Już od dłuższego czasu wręcz marzę o nowym rowerze ^ ^ Ostatnio, grzebiąc troszkę w internecie, oraz dzięki lekcjom u Dave'a natrafiłam na całkiem ciekawe modele bike'ów. Oto kilka z nich :
Naprawdę nie mogę doczekać się takich dni, gdzie wyjście z domu polega na ubraniu butów i (rano) cieniutkiej kurtki oraz rękawiczek na rower ; ) A przed szkołą mały kurs do Tesco po sok marchewkowy jednodniowy i LU GO! ; p i w 20 minut jestem w szkole, w domu jestem dużo szybciej, niż autobusem.
Już od dłuższego czasu wręcz marzę o nowym rowerze ^ ^ Ostatnio, grzebiąc troszkę w internecie, oraz dzięki lekcjom u Dave'a natrafiłam na całkiem ciekawe modele bike'ów. Oto kilka z nich :
hahaha. Nie wiem co Ty robisz na tych lekcjach angielskiego, ale lubie to ! : )
OdpowiedzUsuńJa też chce już ciepło ! <3
Haha wszystkie rowery są super, ale 1 chyba jest moim faworytem, w sumie przedostatni też nie jest zły ^^
OdpowiedzUsuń`ostatni najlepszy ;>
OdpowiedzUsuńna sali samobójców byłam w kinie i powiem że mi się nie za bardzo podobało, ale to tylko kwestia gustu :d
OdpowiedzUsuńprzedostatni i ostatni- no ładne ;)
OdpowiedzUsuń2,5,6 <3
OdpowiedzUsuńps. fajny blog. <3 i bede tu czesciej zaglądac. <3
OdpowiedzUsuńdodaje do obserwowanych, ty tez mozesz dodac.. bede wdzieczna. no i wogole fajnie tu masz. <3 zapraszam do mnie :*
fajny blog:)
OdpowiedzUsuńzapraszam do mnie :)
www.arynsa-arynsa.blogspot.com
`dzięki ;>
OdpowiedzUsuńtez tak mysle ;dd
zdecyowanie ostaatni :D aa co do "sali samobójców" tylko czeekam jak będzie u mnie w kinie i już się wybieram. Bo muszę na to iść , poodobno jest świetne.: )

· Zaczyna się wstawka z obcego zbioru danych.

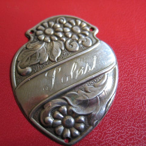 Gammelt frakkeskjold i sølv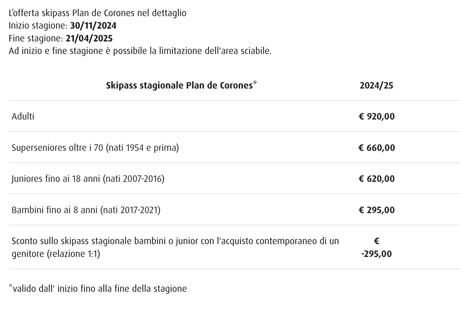 Skipass Stagione Plan de Corones Kronplatz 2024/2025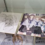 Tel des charognards en plein désert et surtout encore sous l’effet du buff « comiket », nous nous sommes lancés sur les rayonnages à moitié vide et rempli de petit carton avec ce douloureux message « SOLD OUT » en compagnie de Japonais qui étaient plus ou moins dans le même état d’esprit que nous… Il faut dire que nous sommes arrivés pile le jour de la réouverture de cette collaboration qui avait fait porte close pendant 5 jours pour cause de fête de fin d’année. Après avoir empoigné stores, sweat, tote bag et clear file aux couleurs des différentes séries produites par le studio et réduire par la même occasion les pv de nos portefeuilles respectifs, notre âme de collectionneur étant enfin apaisé par ces quelques achats, nous avons pu repartir paisiblement dans la partie consacrée à l’exposition.
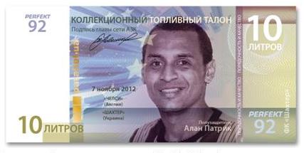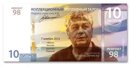 На десятилитровых талонах новой премиальной серии по традиции изображены игроки «Шахтера», участвующие в матче, а также их тренер.

OdpowiedzUsuńNaprawdę nie mogę doczekać się takich dni, gdzie wyjście z domu polega na ubraniu butów i (rano) cieniutkiej kurtki oraz rękawiczek na rower ; ) A przed szkołą mały kurs do Tesco po sok marchewkowy jednodniowy i LU GO!
OdpowiedzUsuńJa też : )
<3
Mi najbardziej podoba się ostatni ;)
OdpowiedzUsuńliefte.blogspot.com
6 i 7 ;)
OdpowiedzUsuńmarzy mi się różowy albo biały z koszyczkiem :) a biały to najlepiej w kropki! :)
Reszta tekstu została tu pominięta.